# What is being asked
Copy out all of the lines below exactly; the pictures do not belong in the copy.

# Data below
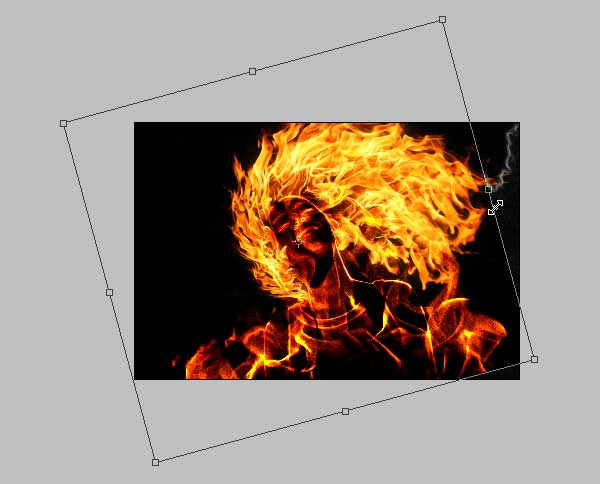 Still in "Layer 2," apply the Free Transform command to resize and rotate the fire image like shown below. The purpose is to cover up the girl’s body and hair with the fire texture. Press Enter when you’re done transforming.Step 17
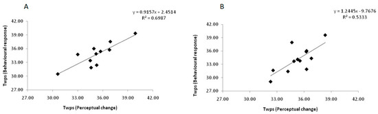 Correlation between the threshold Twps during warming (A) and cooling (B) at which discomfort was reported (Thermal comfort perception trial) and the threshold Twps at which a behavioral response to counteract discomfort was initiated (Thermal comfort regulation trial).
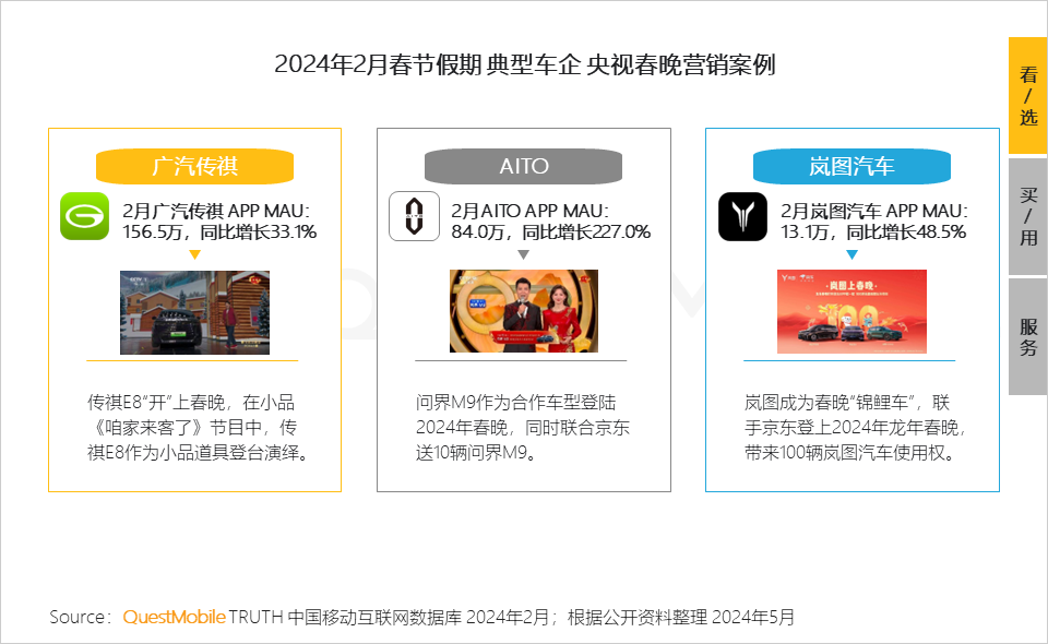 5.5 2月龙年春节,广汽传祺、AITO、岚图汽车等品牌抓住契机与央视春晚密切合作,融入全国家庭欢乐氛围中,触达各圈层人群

# Written solution
 Still in "Layer 2," apply the Free Transform command to resize and rotate the fire image like shown below. The purpose is to cover up the girl’s body and hair with the fire texture. Press Enter when you’re done transforming.Step 17
 Correlation between the threshold Twps during warming (A) and cooling (B) at which discomfort was reported (Thermal comfort perception trial) and the threshold Twps at which a behavioral response to counteract discomfort was initiated (Thermal comfort regulation trial).
 5.5 2月龙年春节,广汽传祺、AITO、岚图汽车等品牌抓住契机与央视春晚密切合作,融入全国家庭欢乐氛围中,触达各圈层人群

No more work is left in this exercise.